#### Data
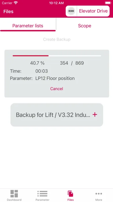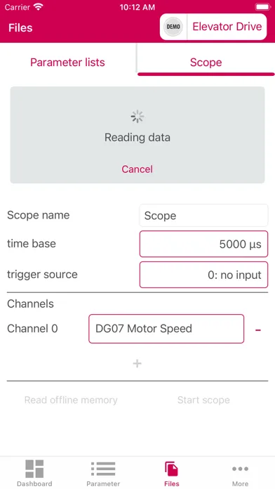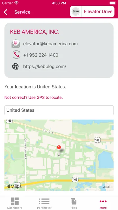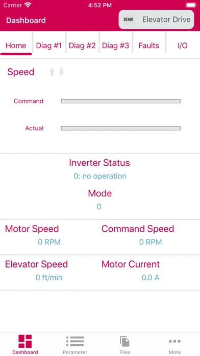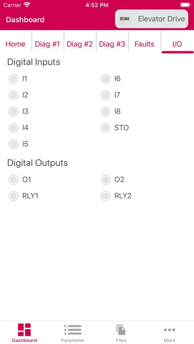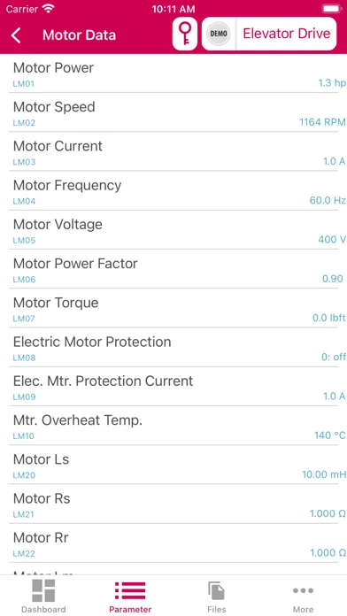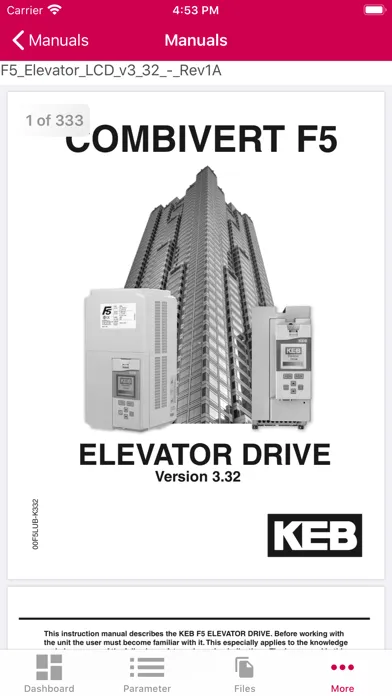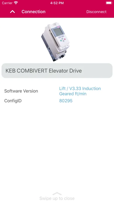 The KEB Elevator app is used to interface via Bluetooth to the F5 Elevator drive. The KEB Elevator app has the capability of viewing, editing parameters, creating backup parameter lists, and viewing KEB manuals. In addition, the KEB Elevator app can be used for diagnostics and troubleshooting, I/O status, and fault history. A suitable Bluetooth adaptor is required for a Bluetooth connection.
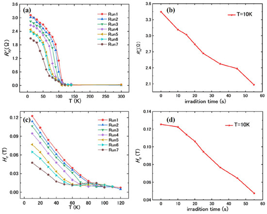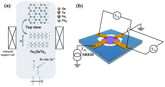 In this work, we report the tunable magnetic properties of argon-irradiated thin flakes of Fe3GeTe2. The exfoliation of thin flakes of Fe3GeTe2 on SiO2/Si substrates was assisted by the evaporation of Al2O3, as previously described [22]. Cr/Au (3 nm/70 nm) electrodes were evaporated onto the thin flakes of Fe3GeTe2 through stencil masks to avoid any possible degradation from the conventional lithography process. The fabrication process was conducted in a glovebox to preserve sample quality. Seven runs of argon ions irradiation were performed, and the transport properties of Fe3GeTe2 were studied in situ after each round using the lock-in detection technique. The simplified schematic of the in situ transport measurement setup is shown in Figure 1a, and the base temperature was maintained at 10 K. The argon ions generation was accomplished through a radio-frequency ions source with a working voltage of 2 kV and current of 20 mA. The irradiation time was in the range of 5–10 s for each run.
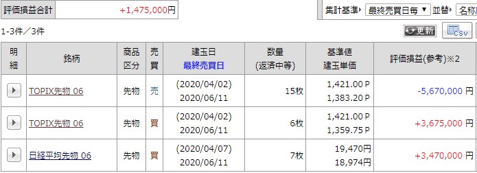 夜間引け時点での損益と建玉
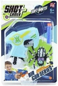 W zestawie: pistolet, 2 naboje, pająk cel, Funkcje: pistolet po naciśnięciu spustu wystrzeliwuje pocisk, pająk-cel po przyczepieniu do pionowej powierzchni pełza w dół, zabawa polega na strzelaniu do poruszających się celów, Pozostałe informacje: dł. pistoletu 13,5 cm, wym. opak. 29 x 19,5 x 4,5 cm, 6+

#### What needs to be done
Exactly the lines from the line with "夜間引け時点での損益と建玉" through the end of the data are to be reproduced, and no picture is to be included.

#### Problem solution
 夜間引け時点での損益と建玉
 W zestawie: pistolet, 2 naboje, pająk cel, Funkcje: pistolet po naciśnięciu spustu wystrzeliwuje pocisk, pająk-cel po przyczepieniu do pionowej powierzchni pełza w dół, zabawa polega na strzelaniu do poruszających się celów, Pozostałe informacje: dł. pistoletu 13,5 cm, wym. opak. 29 x 19,5 x 4,5 cm, 6+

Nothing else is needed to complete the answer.